Stessa cosa se abbiamo la mutazione di un enzima che porta ad un aumento della sua attività, quindi se si tratta
dell’enzima 3 avremo un accumulo del secondo intermedio di reazione, e lo stesso risultato si può ottenere per inibizione
dell’enzima 3 o per attivazione dell’enzima alternativo che porta a M1.

- Variazioni genetiche della capacità di metabolizzare gli xenobiotici sono alla base di molte patologie, soprattutto
avvelenamenti, o anche variazioni nella risposta dell’organismo a determinati tossici. È noto che ad es. la capacità di
metabolizzare l’alcol è determinata dall’azione di un enzima che porta alla formazione di un intermedio molto tossico che
può essere più o meno rapidamente eliminato, non si tratta ovviamente di una malattia quanto di una variabile individuale.
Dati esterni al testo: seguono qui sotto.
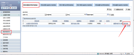 1、指导老师审核通过后,教务员在主管部门菜单——指派专家评价——项目申请阶段学院专家指派选项卡下能够看到指导老师审核通过的项目,如图:

Lo stesso principio può valere per la trasformazione di xenobiotici in tossici che non vengono poi eliminati, a volte
l’attività di questi enzimi può portare al prodotto finale tossico, quindi una mutazione può avere anche effetti protettivi
che ovviamente si manifesta solo in condizioni particolari quando c’è l’esposizione a quel prodotto tossico, altrimenti non
si avrà l’espressione clinica che ci possa far capire che quell’individuo ha una mutazione in quell’enzima.